- Born: July 7, 1979 (age 47) United States
- Education: University of Arizona
- Occupations: Criminal defense attorney, television commentator, writer
- Website: TamaraHolder.com

= Tamara Holder =

American lawyer

Tamara Nora Holder is an American attorney, author and television commentator. She is a former contributor and guest host on the Fox News Channel.

==Career==
Holder grew up in La Junta, Colorado. She is a graduate of the University of Arizona and the John Marshall Law School in Chicago, Illinois.

Holder is a former Fox News Channel contributor. Prior to Fox News Channel, she was a frequent guest on CNN, HLN and TruTV. She has written for The Huffington Post, The Daily Caller and GrassRoots (a medical marijuana magazine). Holder is a frequent radio guest on WABC's Hannity and guest co-hosted the show on December 26, 2012, with Bernard McGuirk. Holder guest hosted The Five on March 12 and 13, 2012. On July 12, 2007, Holder testified as an expert witness before the Congressional Committee of Transportation, Sub-Committee of Maritime and Infrastructure. Holder wrote the foreword to the book, Hanging on by My Fingernails. She also appeared in the 2012 film, Atlas Shrugged: Part II, in which she played herself, alongside Sean Hannity, Juan Williams and Bob Beckel.

In the summer of 2016, Holder alleged that she had been sexually assaulted the previous year by a male executive at Fox News. After investigation, the executive involved, Francisco Cortes, was fired and a financial settlement with Holder was reached in 2017. Holder departed Fox News when her contract expired on January 1, 2017. After leaving Fox News, Tamara was interviewed by Amanda Knox for her show "The Scarlet Letter Reports" on VICE.

Tamara built a national case against Twin Peaks Restaurants, representing over 50 workers for allegations of sexual harassment in the workplace and retaliation. Her case was on the front page of the Chicago Tribune - the case was also featured in the Dallas Morning News

Tamara then spearheaded the doctor-patient sexual abuse case against Chicagoland OBGYN Fabio Ortega. The first cases were filed in January 2019. Ortega pleaded guilty to abusing one of Holder's clients. The cases reportedly settled in 2024 and were reportedly dismissed in 2025.
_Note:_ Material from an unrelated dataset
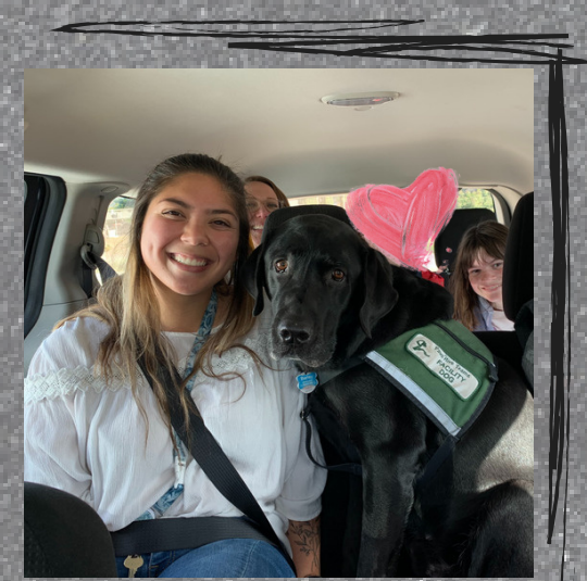
Barley stealing a student seat during our Starbucks trip.

My class's number one memory of Barley was him getting in the trash! They laughed about how often we had to tell him "Leave it!". I also, truly appreciated Barley making all our hard Monday's that much easier by getting pets and putting smiles on our faces during Monday Madness.

In 2025, Holder and her partner Elizabeth Hanley filed Jane Doe 100 against OBGYN Mark Mulholland. On September 2, 2025, a woman who Holder represents in the case against Dr. Mulholland reported Mulholland to the Richland Police.

Holder launched the Divided Sky Women's Scholarship Fund in 2025. The Divided Sky Foundation is a recovery center, located in Vermont, founded by Phish frontman Trey Anastasio and his former drug court counselor Melanie Gulde.